Нельке нравилось бывать в складе. Словно патроны, тяжелые, крупные, с одинаковыми головками, лежали в коробках тюбики с красками. Здесь пахло удивительным запахом, какой-то смесью красок, лаков, мела, пахло клеем и холстами, пахло железом от гвоздей и деревом от подрамников. Обернутые в бумагу, в коробках лежали кисти щетинные и скрепленные крохотными резинками на картоне — колонковые. Это было такое богатство, что у Нельки захватывало дух.
— Нель, а Нель, — позвала тетя Катя. — Вот я давно заметила, тебе нравится здесь бывать. А другие — схватят, что выписали, и едва не бегом.

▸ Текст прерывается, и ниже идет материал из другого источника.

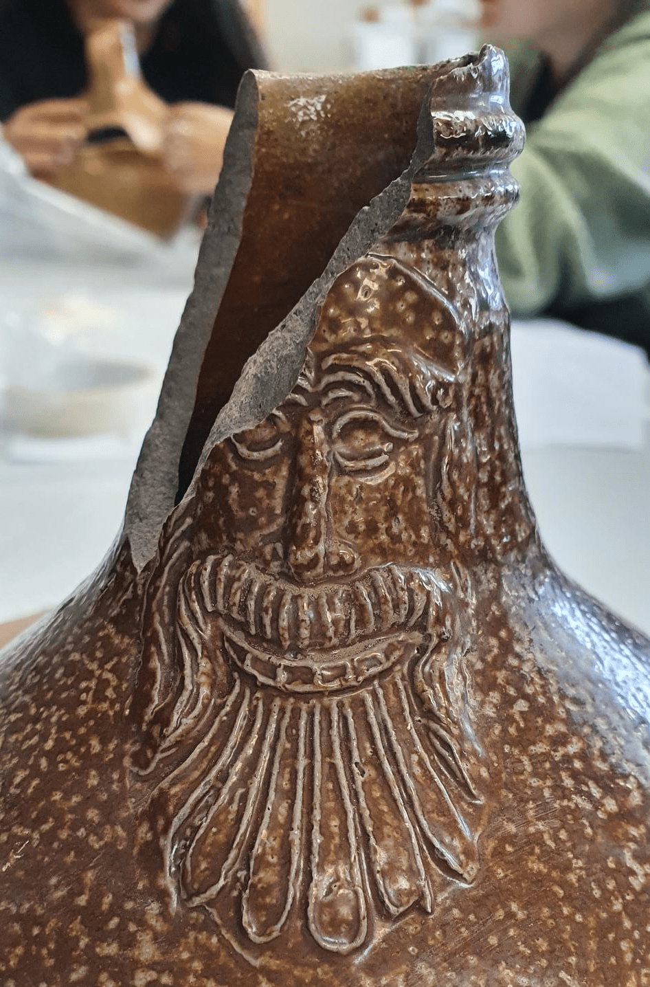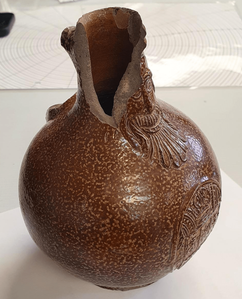 Feature description: The mask has features of group 8 and group 11. There is a kiln mark on the left of the medallion, which proves that the jug touched another jug in the kiln. The handle is missing..
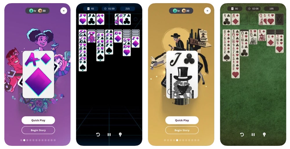 Solitär-Geschichten ist Anfang Juli 2021 auf Apple Arcade gelandet und ist in einem modernen Layout mit vielen verschiedenen Deck-Designs und Themes gehalten. Neben einem schnellen Spiel, bei dem ihr ganz klassisch eine Runde Solitär absolvieren könnt, hat das Kartenspiel aber noch mehr zu bieten. So gibt es einen Story-Modus, bei dem ihr eine fortschreitende Reise durch immer schwieriger werdende Level absolvieren dürft. Und auch tägliche Herausforderungen samt Belohnungen und Wettbewerbe stehen bereit. Mit einen weiteren Update wurde zudem auch ein Spider-Solitär-Spielmodus hinzugefügt.
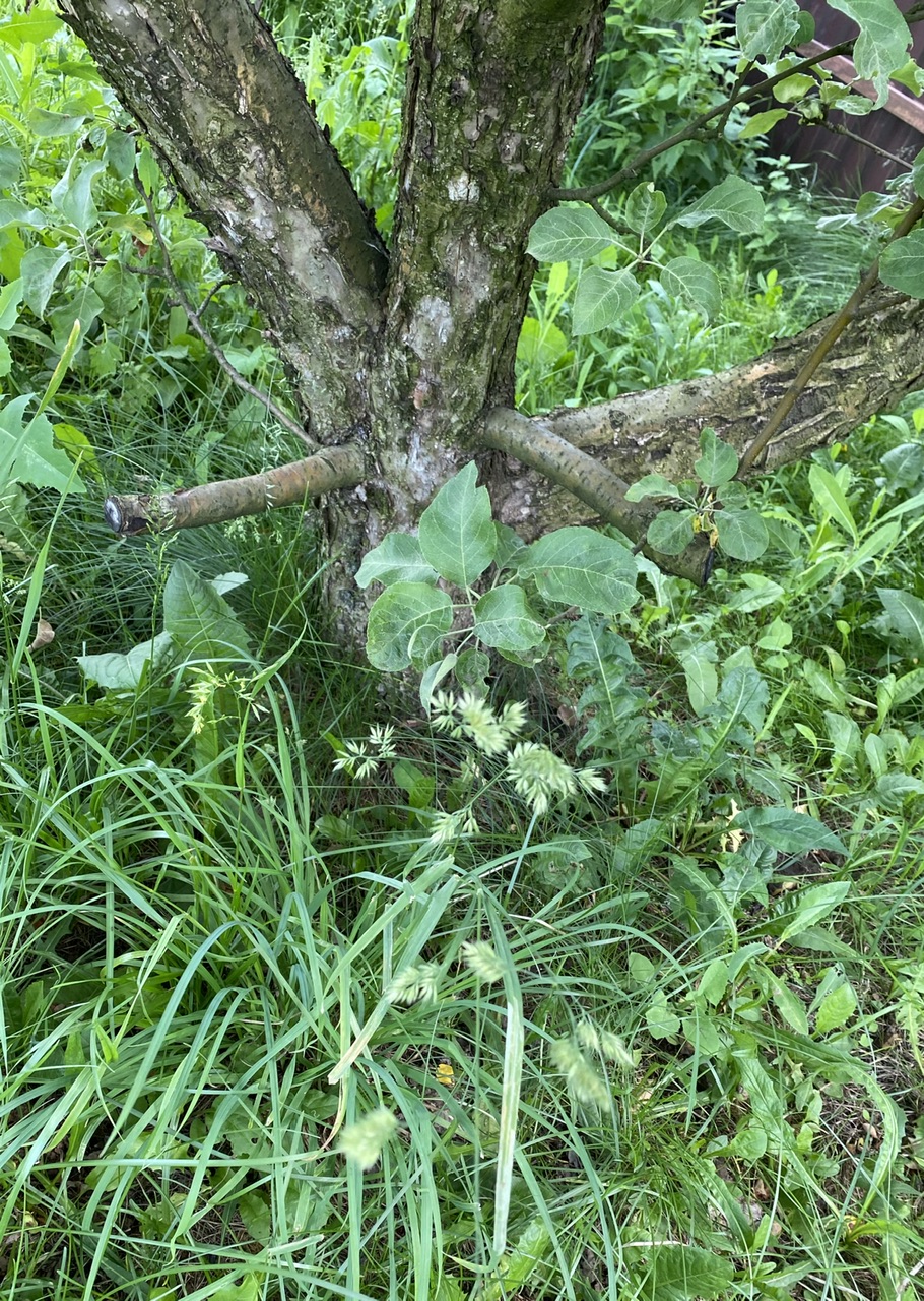 В прошлом году была в саду одной милой пожилой женщины недалеко от моего СНТ, у неё растёт яблоня Лобо в виде куста и занимает много места. Я вначале не поняла что это одно дерево, т.к. выглядело со стороны как будто посажено несколько деревьев. Она объяснила, что так формировала для сохранения сорта в суровые зимы.
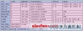 热电偶产生的是电压(电势)信号,属于缓变的毫伏级弱信号,表1是常用的各种热电偶的温度测量范围和对应的热电势范围。
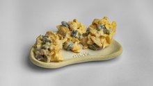 White chocolate clusters with cornflakes, pistachio nuts, dried cranberries and roasted almonds.
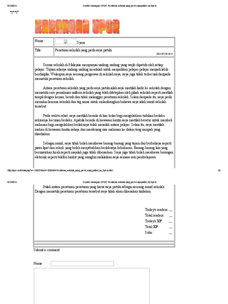 Contoh Karangan Bahagian A Kepentingan Peraturan Di Sekolah
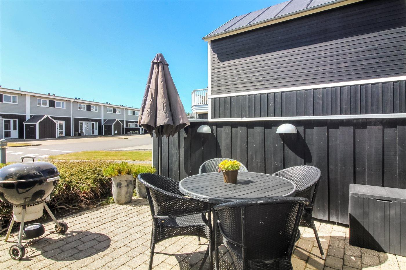 Ferieboligen er beliggende på en 120 m² stor naturgrund. Der er 700 m til havet. Nærmeste forretning er beliggende i en afstand af 700 m. Der er en golfbane i en afstand af 100 m. Til ferieboligen hører 11 m² terrasseareal. Desuden er der 11 m² overdækket terrasse. Udgang til altan. Gynge. Sandkasse. Parkering ved ferieboligen.
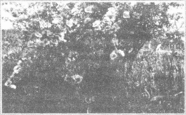 森林公园里种植着很漂亮的黄玫瑰,它原产于山东,在这儿主要起到点缀和美化公园的作用。 在我们看来,适宜其生长的国家都应该引进这种黃玫瑰。 公园里的黃玫瑰成簇地生长着,形成了一道6—8英尺高的墙。 远远看去,它们就如同一团黄灿灿的云,美丽极了。花儿朵朵绽放着,每朵都如珊瑚一般大。 花辦的黃是淡淡的,但却不失娇俏,而花心则是深橙色。 如图10—4所示,两者形成了鲜明的对比。 这种玫瑰花还有另一个显著的特点,即它们是成簇绽放的,有时一簇能达到12—18英寸长。 这些花儿十分紧密,有的甚至还重叠在一起。
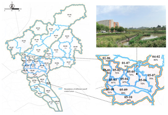 Regulatory tools have also been developed in spatial planning to implement these nature-based solutions [32]. Figure 4 gives an example of how, according to the Guangzhou Sponge City Plan, urban planning is supposed to use run-off control regulatory codes to ensure permeable landscapes and limit impermeable surfaces in urban development. These codes specify the amount of rainfall that has to be stored on every plot of land. For instance, in area code 05-05, 74% of the rainwater has to be retained and only 26% can flow directly into the drainage system. Nature-based permeable solutions have a higher capacity to hold water than impermeable roofs, roads, and paving. Thus, building density is strictly controlled and open spaces are reserved to reach the targets of these regulatory codes.

А другой берет краски, как кефир. Точно по пути зашел и на всякий случай. Отчего это?
— Я не знаю, тетя Катя. Видимо, оттого, что каждый по-своему работает.
— Муж у меня лесоруб был, — после небольшой паузы сказала тетя Катя. — Знаешь, леспромхоз есть — Даниловский. Сколько там лесорубов — батюшки мои! Сколько дерев поналомали! На том свете греха им не отмолить. Дерево-то, оно ведь тоже не так себе растет, не само по себе, а для чего-то. Вот муж мне показал — стоит кедр. Дерево, как все остальные. Ну, малость побольше да покрепче. А приглядись, сколько вокруг него живого всякого: и птицы, и звери, и травы, какая не возле каждого дерева-то поднимается. Это муж мой говорил так, а я и сама потом заметила, кто топор ай пилу с мертвой душой берет, без раздумий, тому хоть кедр, хоть береза, — зарубит, даже малое, невозникшее еще… Я, милая, здесь десять лет уже работаю. Я много чего видела.
Нелька давно пользовалась расположением тети Кати и никогда как следует ее не видела. И слова эти произвели на нее очень сильное впечатление. Она подошла к старой женщине, села напротив и сказала:
— Теть Катя, значит, вы мне верите? Верите, что когда-нибудь у меня получится что-то настоящее?
— Это ты должна знать. Я тебе говорю, что у кого дело в душу влезло, он и мастерок берет особо, и топор, а ты вот краски. Я, знаешь, Нель, и сама к краскам привыкла. Недавно болела неделю, так все думала-думала… Вот придет человек, а я знаю, чего он просить будет. Догадываюсь. Ты, Нель, приходи, я тебе всегда оставлю, что тебе надо. А потом уж оформишь.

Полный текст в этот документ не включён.